Pakistan: Protest held against closure of Pak-Iran border in Turbat
Oct 21, 2021
Balochistan [Pakistan], October 21 : A protest was held on Wednesday by businessmen including transporters against the closure of the Pak-Iran border in Turbat city of Kech district in Pakistan's Balochistan province, local media reported.
"Businessmen including transporters staged a protest in front of Turbat Press Club on Wednesday over the closure of the Pak-Iran border and discontinuation of the token system that was used by traders to move oil across the border," The Express Tribune reported.
During the protest, the speakers maintained that the Pak-Iran border is a matter of life and death for them. "Kech district is a border district. There are no small or big factories here," they said, adding, "So open the border and cooperate with the poor."

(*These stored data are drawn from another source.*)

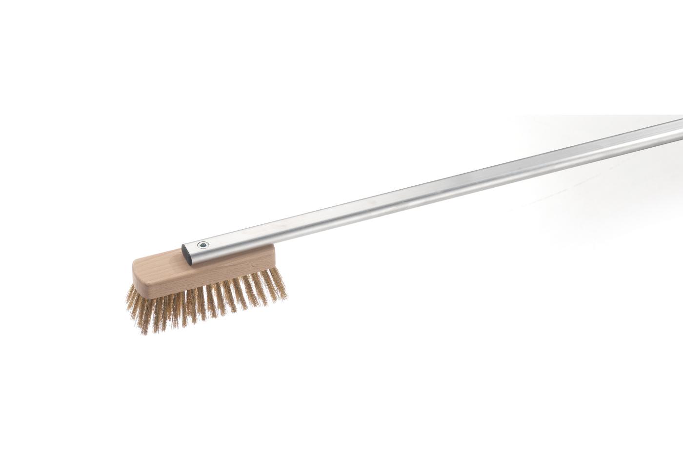 0.41kg Spazzola linea domestica con setole di ottone 16x5 cm e manico in alluminio non trattato. Disponibile in 2 misure di manico: da 120 cm e da 150 cm.
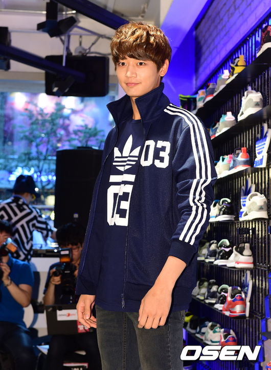 31일 오후 서울 압구정동 '아디다스 오리지널스 서울 플래그쉽 스토어'에서 열린 오픈 기념행사에 참석한 가수 샤이니 민호 포즈를 취하고 있다.
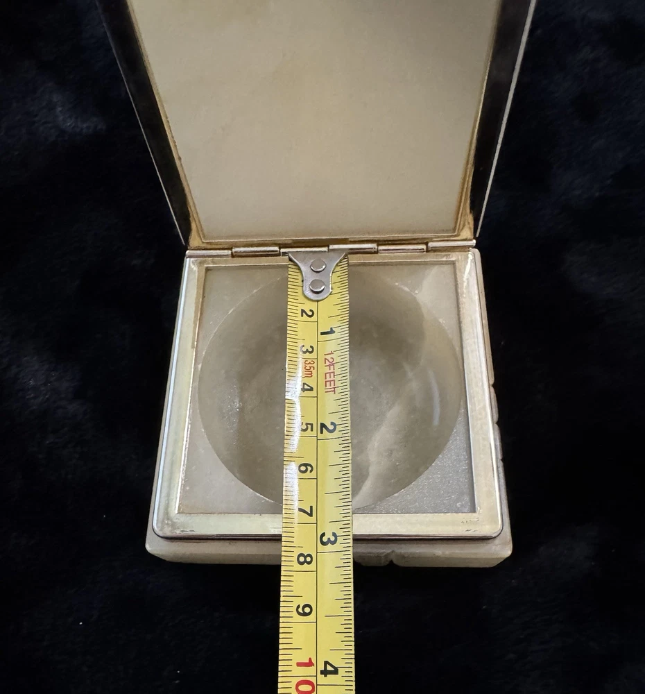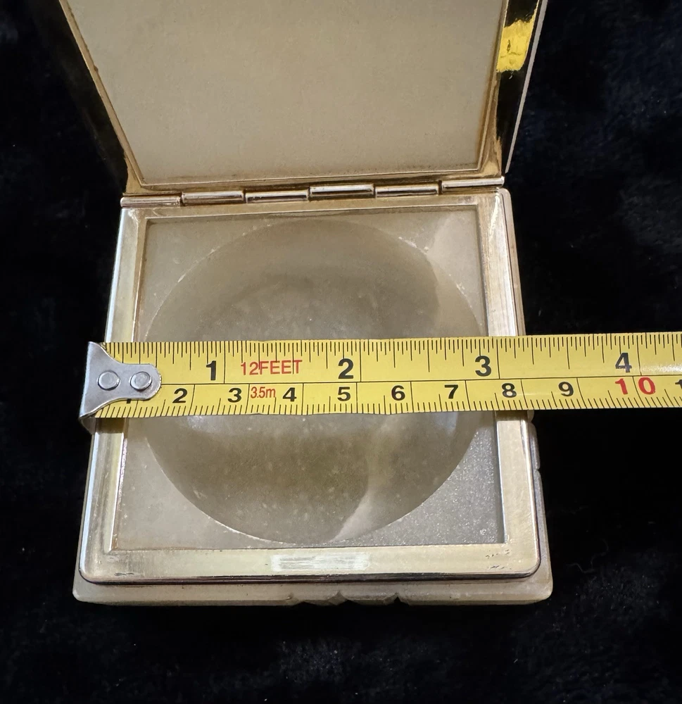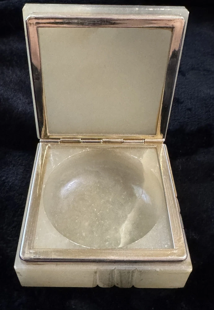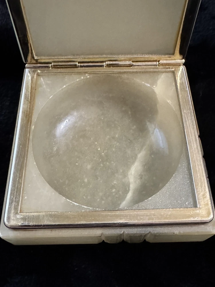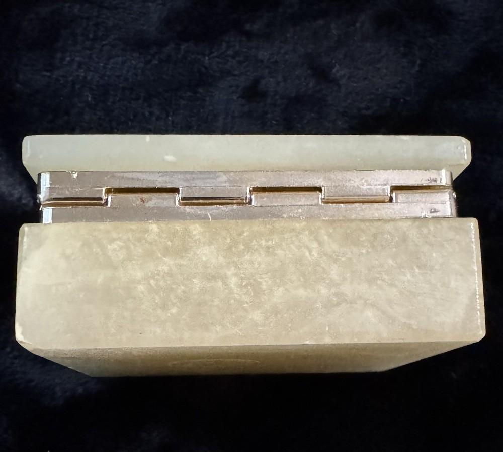 This vintage alabaster hand carved hinged lid jewelry trinket box is a small, rectangular box made in Italy. The box features a beige and gray color with a glossy finish, exuding an Italian style. It falls under the theme of art, retro, and romantic, making it a unique and elegant addition to any collection of decorative collectibles. The box is unboxed and should be cleaned with a damp cloth. Perfect for storing small jewelry items or keepsakes, this trinket box is both functional and visually appealing.

The speakers alleged that the Border Trade Union Kech does not want the border to be reopened for the general public as the union has become a money-making factory for officials, The Express Tribune reported.
Meanwhile, Maulana Hidayatur Rehman Baloch, general secretary of Jamaat-i-Islami's Balochistan chapter, has criticised the closure of the Pak-Iran border and urged the authorities to reopen the border for trade activities, Dawn reported.
While addressing a public meeting in Basima town of Washuk district in which workers of different political parties participated, he announced that he would gather 100,000 people to force the authorities to reopen the border to enable hundreds of thousands of people earn their livelihood.
The JI leader said Balochistan was facing a "martial law despite having a civilian government". He said that the masses were suffering "financial assassination" in the province where drugs could be transported freely but no one was allowed to bring food items from Iran's border towns, Dawn reported.
Urging the masses to stand up against injustices, Maulana Baloch said that an environment of fear and panic had been created in Balochistan to suppress the voices demanding rights for the masses, said the publication.